▶ _TASK REQUIREMENTS_
The needed output is the run of lines below from the one containing "World Health Organization (2024)" through the one containing "國家安全生產(chǎn)標(biāo)準(zhǔn)化二級(jí)企業(yè)", copied exactly and free of pictures.

▶ _DATASET EXCERPTS_
#####
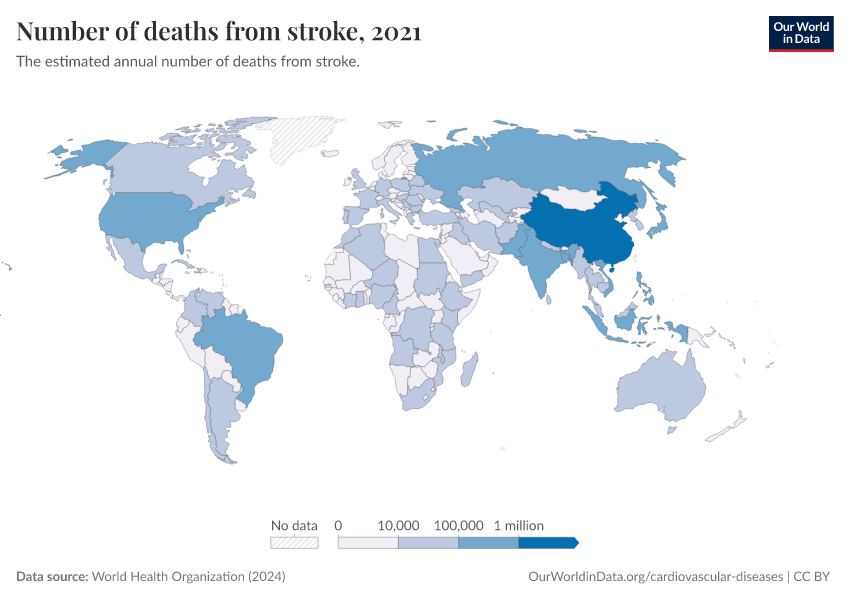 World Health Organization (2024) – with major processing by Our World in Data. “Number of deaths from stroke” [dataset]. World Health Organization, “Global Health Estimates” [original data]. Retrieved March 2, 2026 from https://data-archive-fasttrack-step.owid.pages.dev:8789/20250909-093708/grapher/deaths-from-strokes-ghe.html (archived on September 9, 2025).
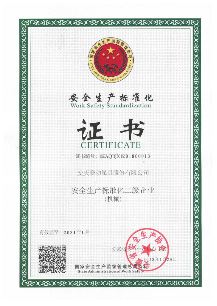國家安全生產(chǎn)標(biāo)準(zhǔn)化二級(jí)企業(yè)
#####
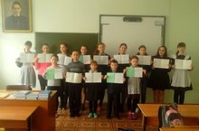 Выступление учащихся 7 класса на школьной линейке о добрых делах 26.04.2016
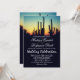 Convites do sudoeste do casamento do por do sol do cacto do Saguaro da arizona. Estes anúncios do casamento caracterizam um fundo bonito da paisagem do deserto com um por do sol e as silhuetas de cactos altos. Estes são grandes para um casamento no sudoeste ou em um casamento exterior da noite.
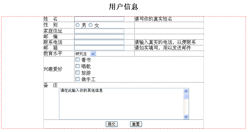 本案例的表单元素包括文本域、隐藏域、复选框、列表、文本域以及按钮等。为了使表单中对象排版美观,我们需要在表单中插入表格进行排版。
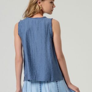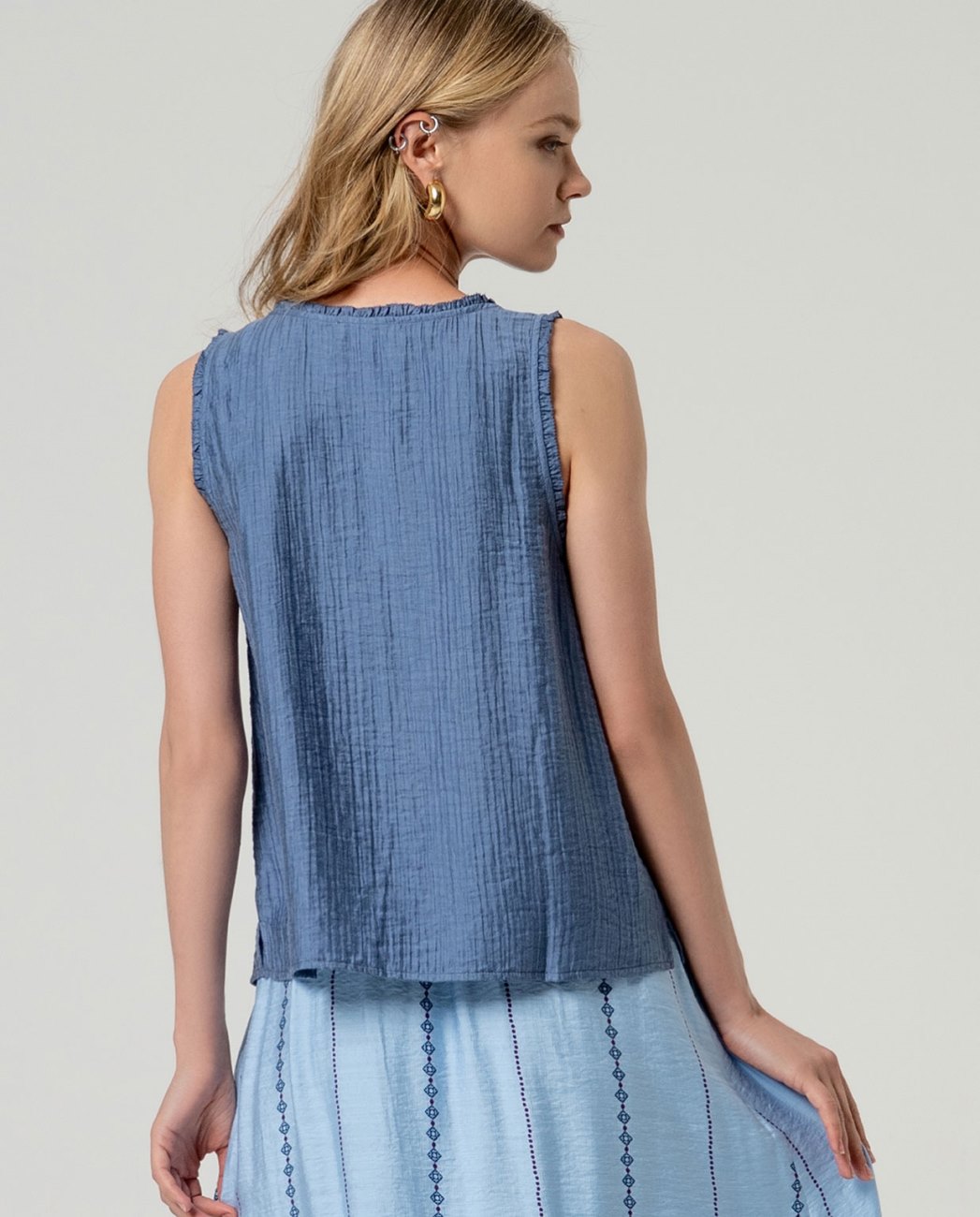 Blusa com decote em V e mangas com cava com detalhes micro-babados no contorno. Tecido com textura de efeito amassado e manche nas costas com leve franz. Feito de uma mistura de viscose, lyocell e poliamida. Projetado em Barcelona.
#####
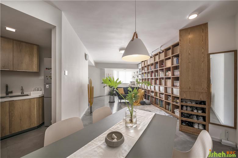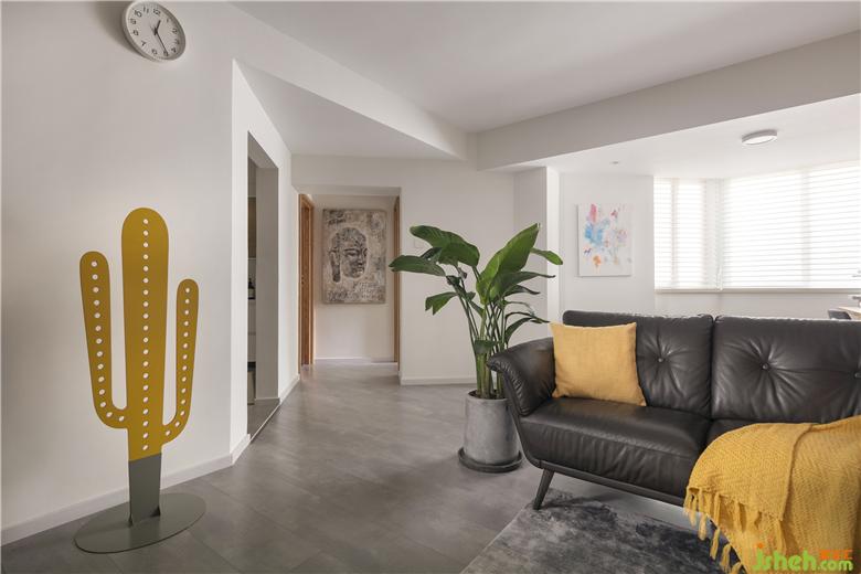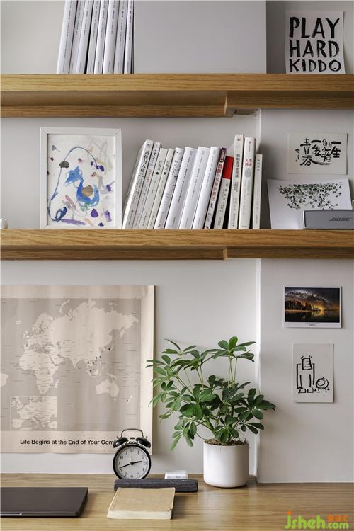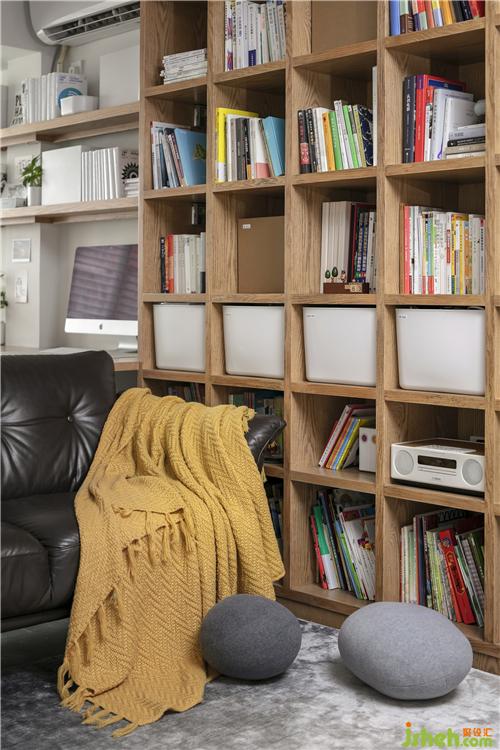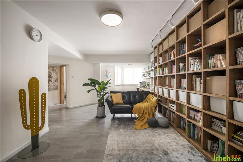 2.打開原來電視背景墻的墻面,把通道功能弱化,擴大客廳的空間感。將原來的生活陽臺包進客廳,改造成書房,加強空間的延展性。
#####
▶ _ANSWER_
 World Health Organization (2024) – with major processing by Our World in Data. “Number of deaths from stroke” [dataset]. World Health Organization, “Global Health Estimates” [original data]. Retrieved March 2, 2026 from https://data-archive-fasttrack-step.owid.pages.dev:8789/20250909-093708/grapher/deaths-from-strokes-ghe.html (archived on September 9, 2025).
國家安全生產(chǎn)標(biāo)準(zhǔn)化二級(jí)企業(yè)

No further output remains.